● **Exercise**:
Go to the line with "- Befestigung von" in the material below and copy from there through the line with "こちらは呼吸器外科の先生方が胸腔鏡下による手術手技トレーニング中の様子☆", exactly. Pictures are not copied.

● **Data provided**:
####

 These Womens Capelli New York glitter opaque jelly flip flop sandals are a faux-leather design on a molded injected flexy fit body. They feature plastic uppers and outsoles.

####

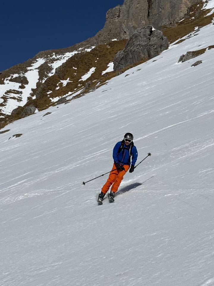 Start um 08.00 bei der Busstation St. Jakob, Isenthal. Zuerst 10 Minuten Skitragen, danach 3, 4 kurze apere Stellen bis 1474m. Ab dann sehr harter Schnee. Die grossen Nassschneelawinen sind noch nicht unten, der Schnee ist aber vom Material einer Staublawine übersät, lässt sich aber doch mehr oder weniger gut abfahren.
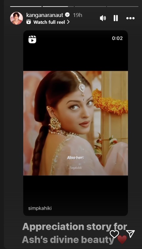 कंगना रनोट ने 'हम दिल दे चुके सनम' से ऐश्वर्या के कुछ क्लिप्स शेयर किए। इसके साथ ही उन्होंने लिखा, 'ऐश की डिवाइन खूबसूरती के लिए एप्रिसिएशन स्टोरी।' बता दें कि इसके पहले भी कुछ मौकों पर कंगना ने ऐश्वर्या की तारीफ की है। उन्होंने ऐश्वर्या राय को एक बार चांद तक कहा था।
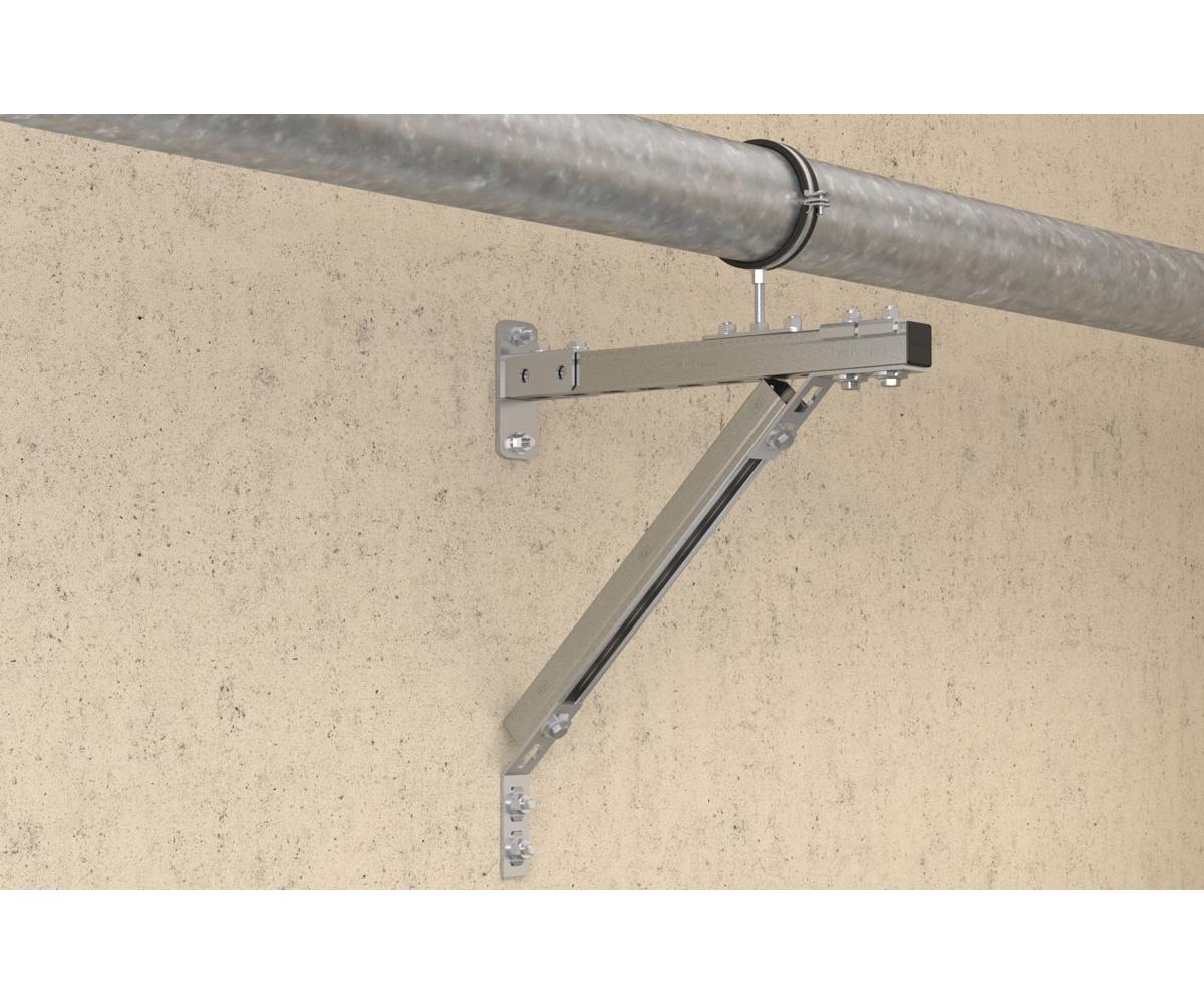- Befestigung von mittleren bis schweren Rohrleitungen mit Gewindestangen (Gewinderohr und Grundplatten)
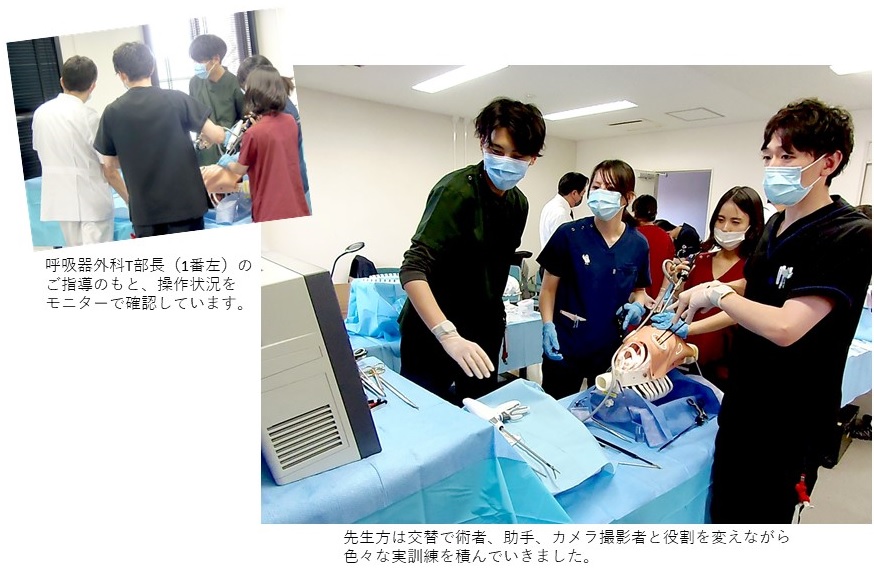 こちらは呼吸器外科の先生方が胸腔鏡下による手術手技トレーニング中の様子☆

####

● **Answer section**:
- Befestigung von mittleren bis schweren Rohrleitungen mit Gewindestangen (Gewinderohr und Grundplatten)
 こちらは呼吸器外科の先生方が胸腔鏡下による手術手技トレーニング中の様子☆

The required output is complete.